5 minute read

Catch them if you can

By Peter Paylor

Trust is a word that keeps coming up when the Improvmonauts sit down to talk about what they do. And, yes, the five frenetic members of Belleville 's homegrown improv comedy troupe do on occasion sit down.

“The five of us are also friends, and that helps,” says Matthew Sheahan, who along with Mihal Zada, Darren Moore, Alexandra Bell, and Nathan Mahaffy, make up the Improvmonauts. “You don’t have to be friends with the people you do comedy with, but you have to trust each other. If you don’t trust each other then you can’t do it. I feel that all of us trust each other enough that we can voice opinions or try something different…we’re going to try stuff together and figure that out together. I’ve always felt at home with these people.”

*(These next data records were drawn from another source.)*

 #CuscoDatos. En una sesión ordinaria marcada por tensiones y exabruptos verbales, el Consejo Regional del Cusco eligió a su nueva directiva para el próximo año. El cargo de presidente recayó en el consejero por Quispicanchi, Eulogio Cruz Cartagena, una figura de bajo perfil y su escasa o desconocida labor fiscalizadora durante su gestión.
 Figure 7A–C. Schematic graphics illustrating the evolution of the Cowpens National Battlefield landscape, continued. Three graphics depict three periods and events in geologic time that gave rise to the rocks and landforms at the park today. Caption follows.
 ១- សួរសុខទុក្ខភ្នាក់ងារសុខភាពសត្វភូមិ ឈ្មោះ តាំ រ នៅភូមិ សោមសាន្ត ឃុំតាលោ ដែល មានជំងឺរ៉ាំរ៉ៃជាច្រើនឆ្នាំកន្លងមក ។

“Especially early on,” says Bell. “You have those doubts. Is it going to work? Are people going to enjoy what you’re putting out there? Because you’re offering a piece of yourself when you’re doing improv to an audience. There’s that piece of yourself that you’re letting go to be received and there’s always that fear that it’s not going to be taken well, but then one thing I think we would all agree is that improv works best when you have that trust in the team that’s around you. It helps to alleviate those doubts and allows you to reach those places where you let yourself go and just enjoy the moment that you’re in. It’s so freeing to be able to just kind of go to those weird places in your mind, explore some things that you might not in another format under the guise of comedy.”

The five, who have been doing improv together since 2018, all share a background in traditional scripted theatre. “The more improv I do, the more I realize I’m acting,” says Moore. “When I first started doing this, I tried to be me on stage, and it didn’t work. And so, I’ve created an improv character so when I get on stage, I’m that open, goofy…I’m the Golden Retriever Darren. That’s me on stage. That character can do things that I can’t.”

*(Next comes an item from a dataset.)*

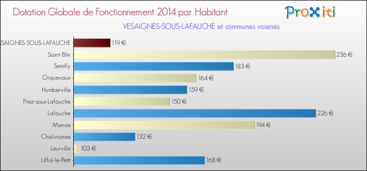 Le graphique ci dessous indique la Dotation Globale de Fonctionnement accordée par habitant à Vesaignes-sous-Lafauche en 2014 par rapport aux communes voisines.

“All of our experience in traditional stage theatre,” says Bell, “things like knowing your voice, the direction to face out when you’re speaking, blocking, staging, things like that…we’re all very conscious of our space with each other and our presence and how that’s being delivered out to the audience, and I do think that comes from all of us having experience in the traditional theatre.”

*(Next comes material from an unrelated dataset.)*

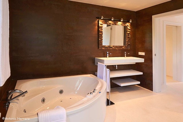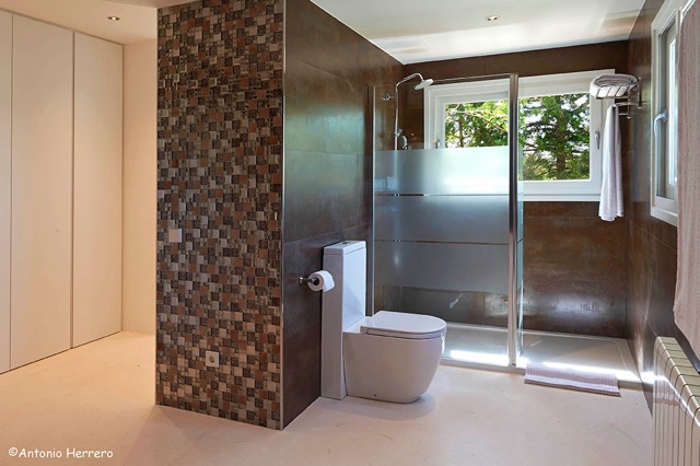 Consta de un gran garaje subterráneo de tres plazas comunicado con el interior de la casa.

While what they do is unscripted, writing is still at the heart of it. “All of us are writers in our own right,” says Sheahan. “Writing for a living, writing songs, writing poetry, writing plays, writing whatever—we’ve all written. All that structuring you do when you’re writing something, it’s in your brain, so when you’re doing improv, you’re just doing it on the fly.”

“Theatre is very much a collaborative art form,” says Zada. “One of the things I love most about improv, especially with these guys, is that I can see stories coming to life in a way that when I’m sitting down and trying to write them out, it doesn’t work. It doesn’t process the same way.”

Music plays an integral part in what makes the Improvmonauts unique. Bell and Mahaffy are both experienced professional musicians. As the troupe’s musical director, Mahaffy earns high praise from his colleagues. “I love musical improv,” says Sheahan. “If it’s done well, it’s magical for the audience. I feel we’ve gotten to the point where, when we do musical comedy, it’s magical.” Their audiences seem to agree.

Another integral part of their comedy is the City of Belleville. “Belleville’s a character,” says Moore. “Right? And it’s a pretty funny character. There’s a lot of character and spirit in this town, one way or the other and it’s just a well to draw on.”

“We get it, and our audience gets it, and we have something special that connects us right from the start,” says Bell. “When we’re making jokes about Hawkins Cheezies or the Moira River or the Wally Deaver…as much as it might be framed as a joke, it’s coming from a place of love for the place that we all get to live and create in.”

“There’s more happening here creatively than it deserves in a sense— for where we are and what it is—and it’s like I want to be in that,” says

Moore. “I want to be in that thing. I want to be in that group that is doing that thing that is better than expected. And I think we do that.”

The Improvmonauts appear regularly in venues throughout the Quinte region. Catch them if you can. You’ll have a good time. Tell them I sent you.